Nanosheets are two-dimensional polymeric materials which remain among the most actively researched areas of subject chemistry and physics. Generally, nanosheets are inorganic materials which can be created from bulk crystalline layered materials that have fascinating properties and functionalities, excellent electrochemical performance, and high potential for separation applications due to their exceptional molecular transport properties [1]. The nanomaterial has a sheet-like structure with a size larger than 100 nm and thickness less than 5 nm, which is only one or a few atoms thick. Topological indices quantify the physical as well as chemical properties of compounds by associating a unique number to chemical graphs which represent a chemical structure by denoting atoms by vertices and bonds are represented by edges of the graph.

Graphene derived from graphite is a highly attractive two-dimensional lubricating material, wear-resistant with low-friction characteristics [2,3,4], endowed with high conductivity, tensile strength, and remarkable toughness [5]. Other aspects of nanomaterials like optical properties, applications in human therapeutics, biocompatibility, and stability are established in [6,7,8]. Boron nitride nanosheets (BNNs) and nanotubes have closely analogous properties to carbon nanotubes. High stiffness and excellent chemical stability make BNNs an ideal material for reinforcement in polymers, ceramics, and metals. BNNs also exhibit excellent thermal conductivity, radiation shielding ability, and high electrical resistance [8,9]. These ultrathin 2D nanomaterials possess utilization for wide ranges of potential applications among the electronics/optoelectronics, electrocatalysis, batteries, supercapacitors, solar cells, photocatalysis, and sensing platforms.
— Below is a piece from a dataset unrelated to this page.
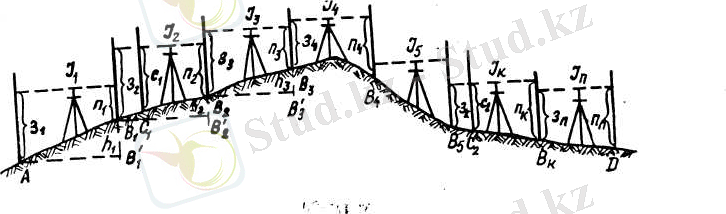 Lі станциясына нивелирді орнатады да артқы З және алдыңғы П х рейкалардан есептеулер алады. Содан кейін А нүк-тесіндегі рейканы В х нүктесіне апарып қояды да станциясынан 3 2 және П 2 есептеулерін алады, осылайша жүйелі түрде барлық жүрісте нивелирлеуді жүргізеді.

Today, topological indices are extensively applied in computational chemistry methods such as (Q)SARs ((Quantitative) Structure-Activity Relationships) in the area of toxicology and drug design: computational models are used to predict the behavior and effects of nanomaterials in biological systems. Topological indices (descriptors) provide a comprehensive understanding of the relationships between the physicochemical properties and the behavior of nanomaterials in biological systems for designing safe and functional nanomaterials. Quantitative Structure-Activity Relationship (QSAR) methods help to establish such relationships and have been widely studied [10,11,12,13].
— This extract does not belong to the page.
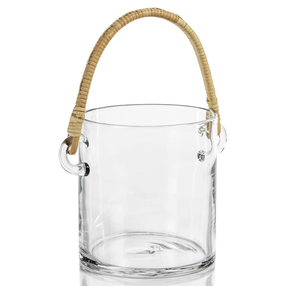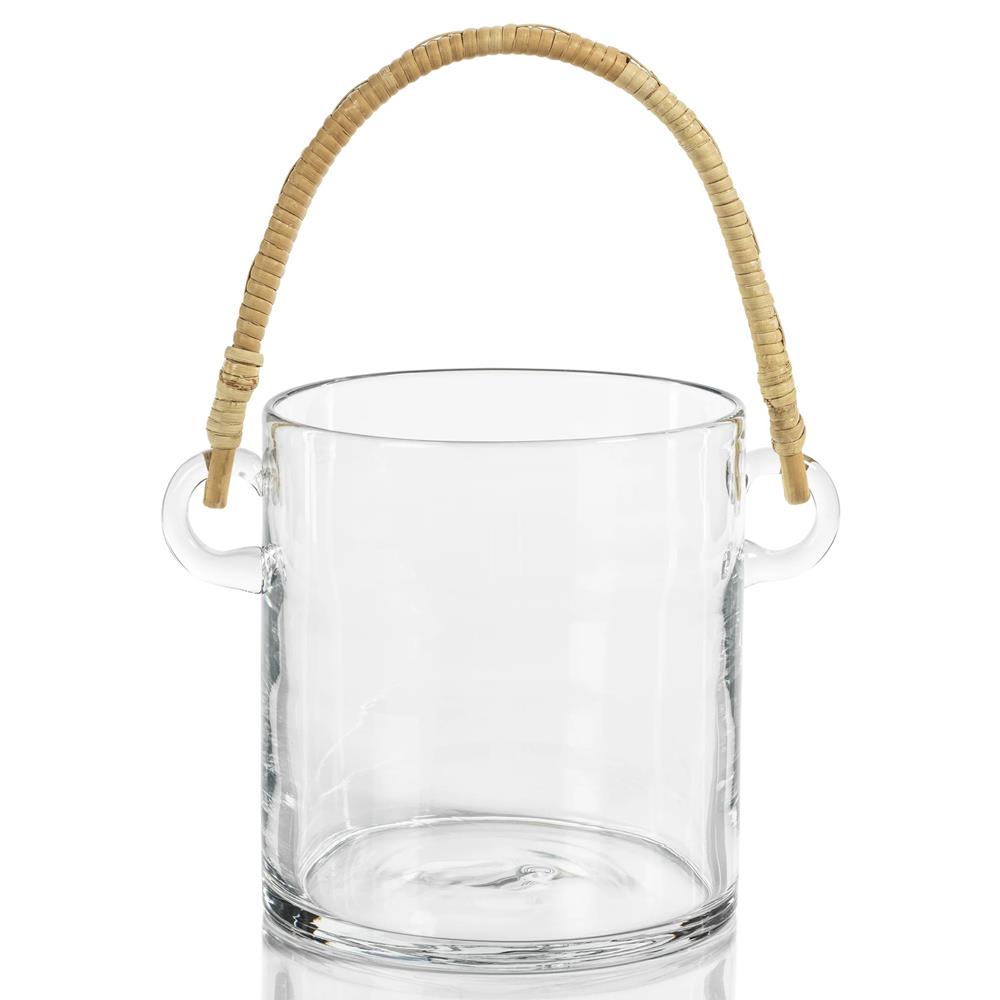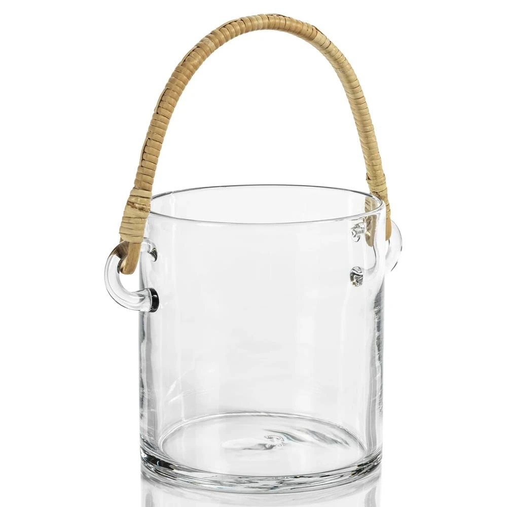 Fatima Coastal Beach Natural Woven Rattan Handle Glass Ice Bucket

Let us consider $G=\left(V,E\right)$ be such a graph having $n$ vertices and $m$ edges. The symbol $d_u$ is the degree of vertex $u\in V\left(G\right)$ and is the number of vertices that are adjacent to $u$.

The first degree based topological index is a Randic index $x\left(G\right)$, invented by Milan Randic [14] in 1975 and is defined as:

$$x\left(G\right)={\displaystyle \sum }_{uv\in E}\frac{1}{\sqrt{d_u{d}_v}}$$

Bollobás and Erdös [15] introduced the idea of the general Randic index in 1998.
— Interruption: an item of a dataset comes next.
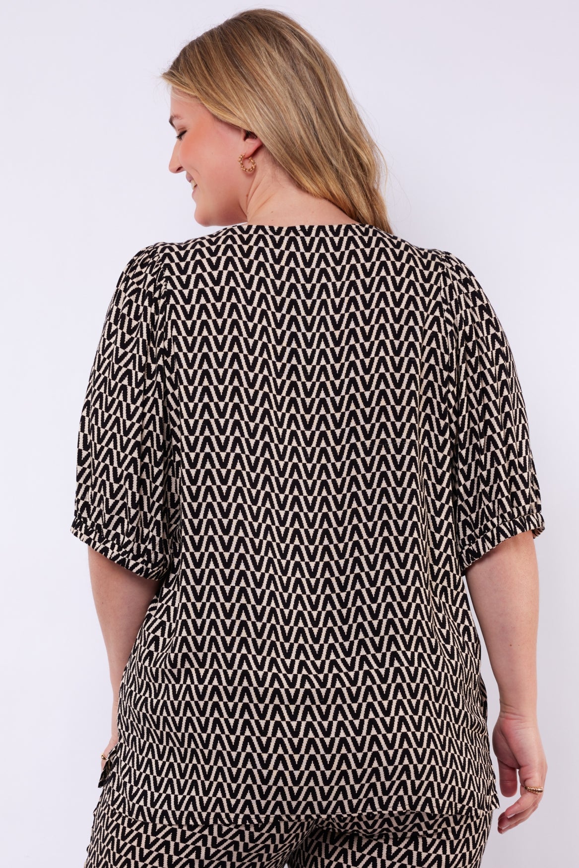 Een vrouwelijke eyecatcher met een moderne en elegante uitstraling. De Haisley top heeft een losvallende pasvorm met een flatterende V-hals en halflange mouwen met subtiele plooidetails bij de schouders en elastische manchetten. De all-over grafische print geeft het ontwerp een krachtige en stijlvolle touch, terwijl de soepelvallende kwaliteit zorgt voor een comfortabel draaggevoel.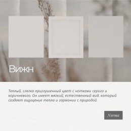 Каждый цвет этой коллекции рассказывает свою историю. «Баунти» воссоздает атмосферу необитаемого острова, где мягкий песок согревается ярким солнцем. «Вижн» символизирует бескрайние горизонты, простирающиеся в мечтах. «Блю» переносит вас к берегам, где морская гладь сливается с небом. «Оазис» — это спасительная зелень и свежесть посреди пустынного безмолвия. «Аверса» наполняет дом ощущением густого немецкого леса после дождя. «Смоки» окутывает нежным туманом, напоминая о прохладных северных лесах. Эта коллекция — идеальный выбор для тех, кто хочет привнести в свой дом не только стиль, но и частичку живой природы.

The general Randic index of graph $G$ is defined as:

$$R_{\alpha }\left(G\right)={\displaystyle \sum }_{uv\in E}{\left(d_u{d}_v\right)}^{\alpha }$$

(1)

The first and second Zagreb index $M_1\left(G\right), M_2\left(G\right)$, termed by Gutman and Trinajstić [16], are also among the oldest known topological indices and are defined as:

$$M_1\left(G\right)={\displaystyle \sum }_{uv\in E}\begin{array}{c}\left[d_u+d_v\right]\end{array}$$

(2)

$$M_2\left(G\right)={\displaystyle \sum }_{uv\in E}\begin{array}{c}\left[d_u{d}_v\right]\end{array}$$

(3)

The atom-bond connectivity index, or ABC index, is a degree based topological index which was introduced by Estrada et al. [17]. It is represented as:

$$ABC\left(G\right)={\displaystyle \sum }_{uv\in E}\sqrt{\frac{d_u+d_v-2}{d_u{d}_v}}$$

(4)

Sum connectivity index ($SCI\left(G\right)$) was invented by Zhou and Trinajstić [18], expressed by Equation (5).

$$SCI\left(G\right)={\displaystyle \sum }_{uv\in E}\frac{1}{\sqrt{d_u+d_v}}$$

(5)

The Geometric-arithmetic index or $GA\left(G\right)$ is a topological index of a molecular graph $G$ which was introduced by Vukičević and Furtula [19].

The geometric-arithmetic topological index is defined as:

$$\mathrm{GA}\left(G\right)={\displaystyle \sum }_{uv\in E}\frac{2\sqrt{d_u{d}_v}}{d_u+d_v}$$

(6)

A new degree based topological index called the hyper-Zagreb index was introduced by Shirdel et al. [20], and is given as:

$$HM\left(G\right)={\displaystyle \sum }_{uv\in E}{\left(d_u+d_v\right)}^2$$

(7)

The first and second multiple Zagreb indices, denoted by $P{M}_1\left(G\right)$ and $P{M}_2\left(G\right)$, were introduced in 2012 [21].

$$P{M}_1\left(G\right)={\displaystyle \prod }_{uv\in E}\left[d_u+d_v\right]$$

(8)

$$P{M}_2\left(G\right)={\displaystyle \prod }_{uv\in E}\left[d_u\times d_v\right]$$

(9)

Degree-based topological indices and M-polynomials of different types of nanotubes are being studied by many researchers. Jagadeesh et al. computed degree based topological indices of graphene [22]. Chen et al. [23] analyzed topological indices of nanotubes covered by C₄. Hayat et al. computed topological indices of nanotubes covered by C₅ and C₇ [24]. Aslam et al. [25] worked for topological characterization of triangular boron nanotubes. Idrees et al. provided results for topological indices of an H-Naphthalenic nanosheet [26]. We refer readers to [27,28,29,30] for further studies in this area.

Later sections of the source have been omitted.